──────── Provided data
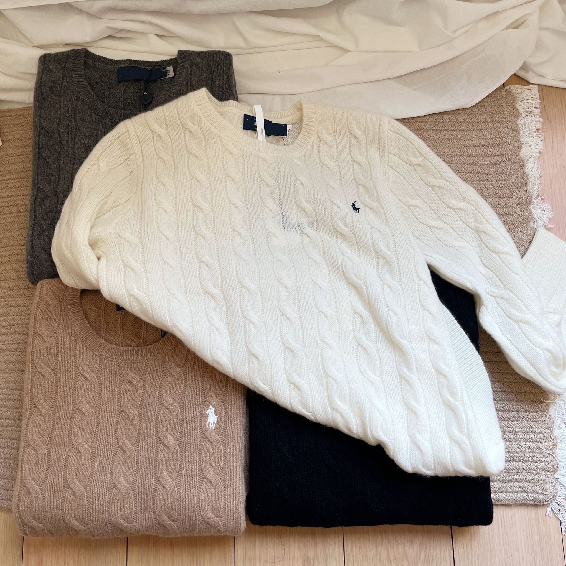 원래 대외 무역 클래식 90 울 10 캐시미어 포니 자수 울 스웨터 풀오버 크루 넥 스웨터 탑
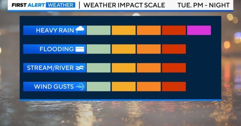 WJZ ఫస్ట్ అలర్ట్ వెదర్ టీమ్ భారీ వర్షం కోసం ‘వాచ్ డే’ని జారీ చేసింది, ఇది గాలులతో కూడిన కురుస్తున్న వర్షాలు, వరదలు, నది మరియు ప్రవాహాల వరదలు, తీరప్రాంత వరదలు మరియు బలమైన గాలుల నుండి నష్టాన్ని కలిగించవచ్చు. భారీ వర్షం మంగళవారం అర్థరాత్రి ముగుస్తుంది, అయితే బలమైన గాలులు బుధవారం వరకు కొనసాగుతాయి.
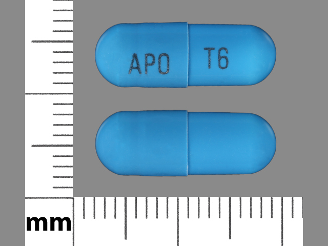 This medication is a Blue;blue Capsule 18 mm, Gelatin coated capsule with imprint "APO;T6". It contains Tizanidine hydrochloride 6 mg; of Tizanidine hydrochloride[tizanidine];. This belongs to the Central alpha-2 adrenergic agonist pharmacologic class. It is manufactured by AvKARE, Inc.. For details please contact your physician.
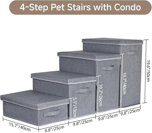 Dog Stairs with Storage, Folding Pet Steps with Zip for Small Dogs and Cats, 4-Step Pet Stairs with Pet House for High Bed, Couch and Car Ramp (Gray, 4 Steps with Condo)
────────────────
The problem
Copy each line of the listing exactly, skipping any picture.

Task response
 원래 대외 무역 클래식 90 울 10 캐시미어 포니 자수 울 스웨터 풀오버 크루 넥 스웨터 탑
 WJZ ఫస్ట్ అలర్ట్ వెదర్ టీమ్ భారీ వర్షం కోసం ‘వాచ్ డే’ని జారీ చేసింది, ఇది గాలులతో కూడిన కురుస్తున్న వర్షాలు, వరదలు, నది మరియు ప్రవాహాల వరదలు, తీరప్రాంత వరదలు మరియు బలమైన గాలుల నుండి నష్టాన్ని కలిగించవచ్చు. భారీ వర్షం మంగళవారం అర్థరాత్రి ముగుస్తుంది, అయితే బలమైన గాలులు బుధవారం వరకు కొనసాగుతాయి.
 This medication is a Blue;blue Capsule 18 mm, Gelatin coated capsule with imprint "APO;T6". It contains Tizanidine hydrochloride 6 mg; of Tizanidine hydrochloride[tizanidine];. This belongs to the Central alpha-2 adrenergic agonist pharmacologic class. It is manufactured by AvKARE, Inc.. For details please contact your physician.
 Dog Stairs with Storage, Folding Pet Steps with Zip for Small Dogs and Cats, 4-Step Pet Stairs with Pet House for High Bed, Couch and Car Ramp (Gray, 4 Steps with Condo)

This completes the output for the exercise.